» The problem
Copy exactly the lines from the line holding "Douyin Female Anchor" through the end of the material, and no others; pictures stay out.

Input data section start

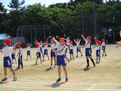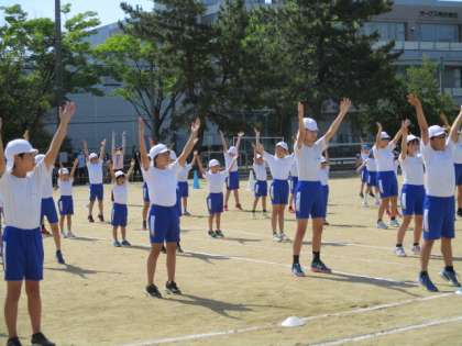 準備体操は、ラジオ体操です。大きく体を動かしています。
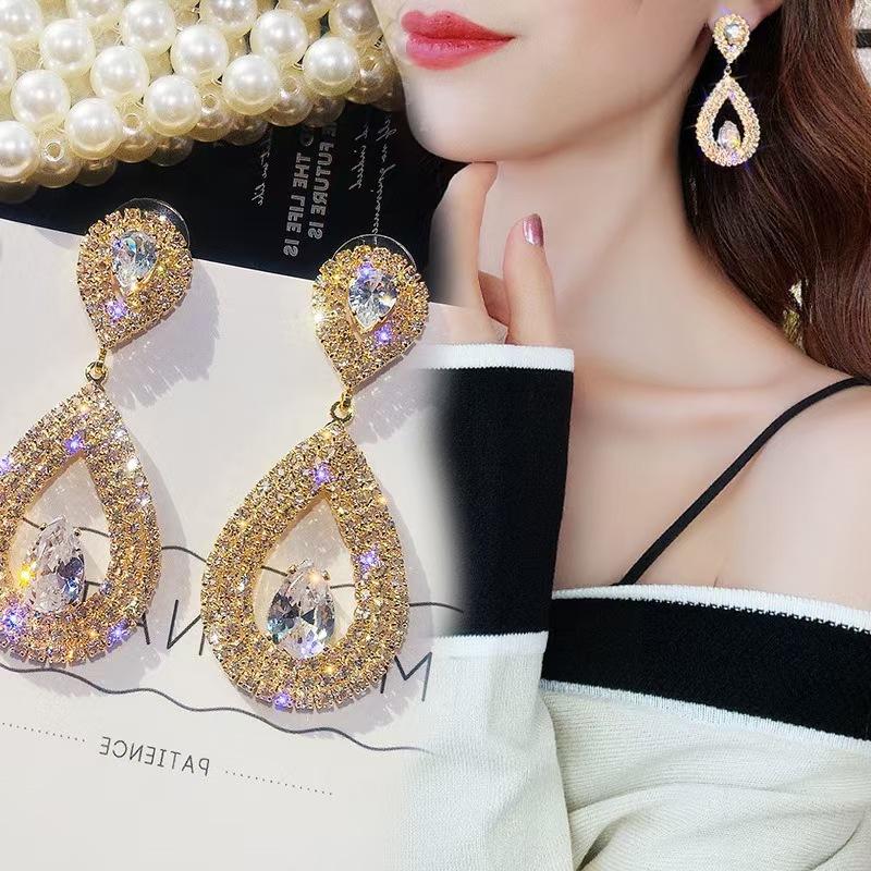 Douyin Female Anchor Recommends Super Shiny Full Diamond Earrings, Sweet Elegant and Personalized Earrings, Design Water Drop Diamond Earrings
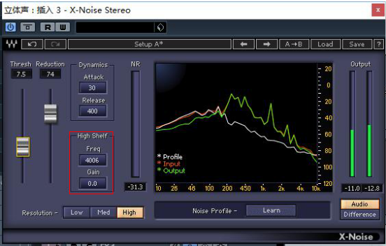 該功能是對(duì)你設(shè)定的目標(biāo)頻率(Freq)以上的所有頻段進(jìn)行更強(qiáng)效的降噪處理。置于加強(qiáng)多少,則是通過(guò)增益(Gain)功能來(lái)進(jìn)行設(shè)置的。增益功能也可以提供一定的減益效果,讓你選定的頻段范圍獲得較少的降噪處理,如kkx分享的圖片:

Input data section end

» Result of this exercise
 Douyin Female Anchor Recommends Super Shiny Full Diamond Earrings, Sweet Elegant and Personalized Earrings, Design Water Drop Diamond Earrings
 該功能是對(duì)你設(shè)定的目標(biāo)頻率(Freq)以上的所有頻段進(jìn)行更強(qiáng)效的降噪處理。置于加強(qiáng)多少,則是通過(guò)增益(Gain)功能來(lái)進(jìn)行設(shè)置的。增益功能也可以提供一定的減益效果,讓你選定的頻段范圍獲得較少的降噪處理,如kkx分享的圖片:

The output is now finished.